Tensorflow does offer rather a lot of interfaces for various languages. I had a look at the Scala interface, but quickly gave up - as far as I understood it's mostly an automated translation of the Python interface, and thus feels foreign, has not the good documentation I have grown to love at least at the Scala standard libraries, so it'd save you little.

Tensorflows more or less native interface language is Python, which also has a wealth of other libraries for data scientists. So, Python 3 it is for, though I miss the clean structure and good documentation of Scala and it's dynamic typing is for me a big pain. I'd reconsider that choice if I'd fortunate enough to do some serious number crunching with Tensorflow professionally.

One thing about Python, originally being conceived as an easy educational / scripting language, is that most of the tutorials are targeted to programming novices, and thus contain lots of noise if you are an experienced programmer. Most helpful for me is the book Python for Programmers: with Big Data and Artificial Intelligence Case Studies..., which also gives many hints where to look for data sciencey libraries and documentation.

Coping with Pythons dynamic typing

I have yet to see advantages of dynamic typing, but there is a hard disadvantage: the IDE has a hard time to support you with documentation and code completion since it usually can't guess what type the variable has. I tried IntelliJ and PyCharm with rather limited success. For me, the best support was provided by Google Colaboratory.

Python provides some features as workarounds for the missing typing: there are functions help, type, dir that print out the features of an object.

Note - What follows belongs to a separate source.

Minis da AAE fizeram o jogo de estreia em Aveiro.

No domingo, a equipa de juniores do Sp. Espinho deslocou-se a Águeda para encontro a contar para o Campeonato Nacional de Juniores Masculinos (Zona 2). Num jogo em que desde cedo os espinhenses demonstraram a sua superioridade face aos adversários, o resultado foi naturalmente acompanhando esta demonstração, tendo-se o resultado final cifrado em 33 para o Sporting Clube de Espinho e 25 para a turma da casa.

Still, you have to make sure that Colaboratory knows the type of the variable where you need documentation. That gap can be filled with the interactive iPython worksheets (e.g. run on collaboratory), where you can call up help while stepping interactively through the program. That works nicely when I observe the following constraints:

  • While developing a program, write it as a iPython worksheet. When it works, move the code into functions / classes and put it into separate modules loaded from there.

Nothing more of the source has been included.